Please return every line of the material verbatim and skip any images.

* _RECORDED DATA_:
▬▬▬▬▬▬▬▬▬▬
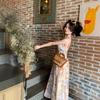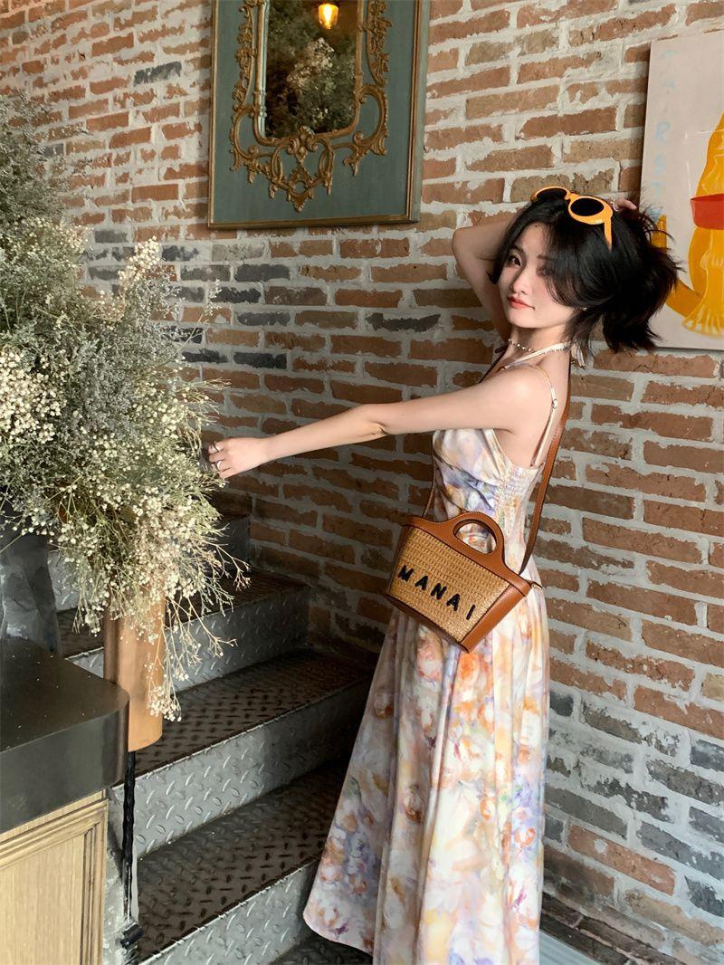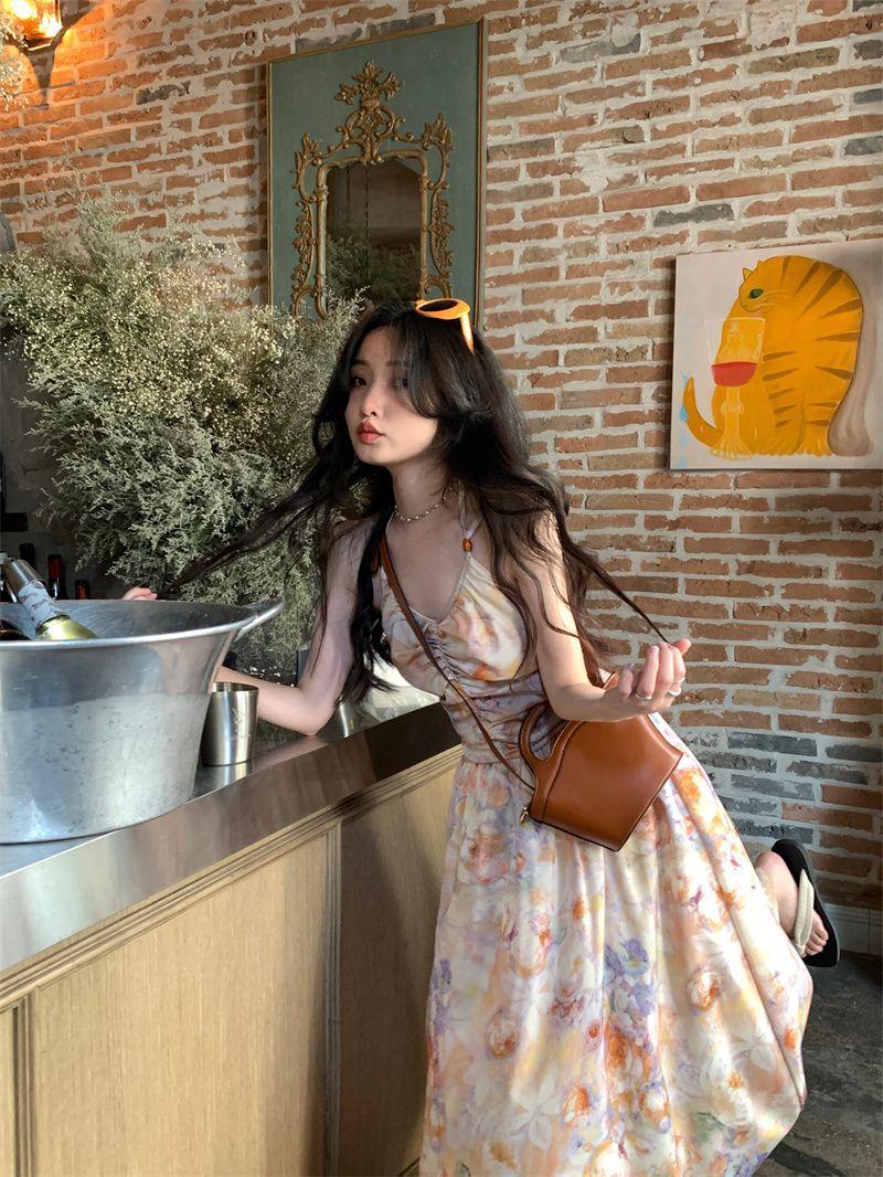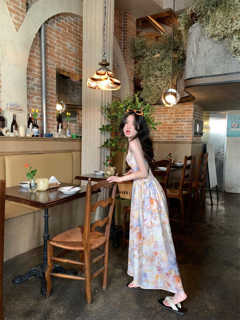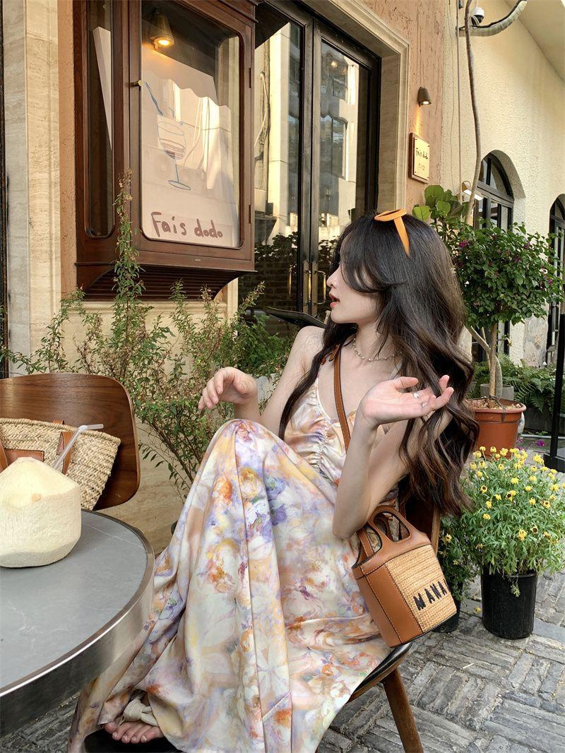 Vestido suspensório com decote halter floral retrô francês com pintura a óleo para mulheres estilo férias de verão saia longa com cintura sem costas
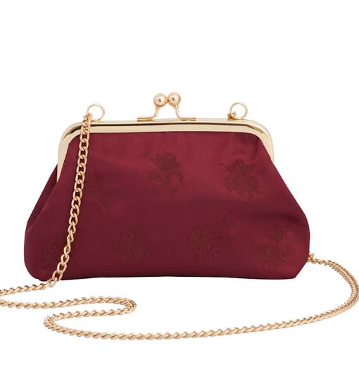 This Victoriana Embroidered Burgundy Satin Clutch Bag is a masterpiece of party elegance. Rich floral embroidery against sumptuous satin makes this the ultimate accessory for any upscale soiree. The chic gold chain strap allows for a seamless transition to hands-free convenience.
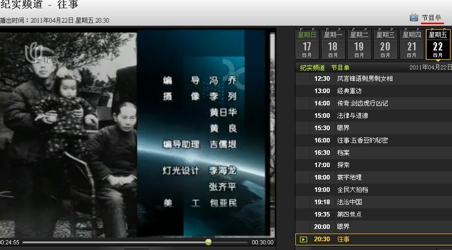 (进入后,先点击“节目单”,再点击日期(4-22),最后点击“20:30 往事)
▬▬▬▬▬▬▬▬▬▬
* _COMPLETED TASK_:
 Vestido suspensório com decote halter floral retrô francês com pintura a óleo para mulheres estilo férias de verão saia longa com cintura sem costas
 This Victoriana Embroidered Burgundy Satin Clutch Bag is a masterpiece of party elegance. Rich floral embroidery against sumptuous satin makes this the ultimate accessory for any upscale soiree. The chic gold chain strap allows for a seamless transition to hands-free convenience.
 (进入后,先点击“节目单”,再点击日期(4-22),最后点击“20:30 往事)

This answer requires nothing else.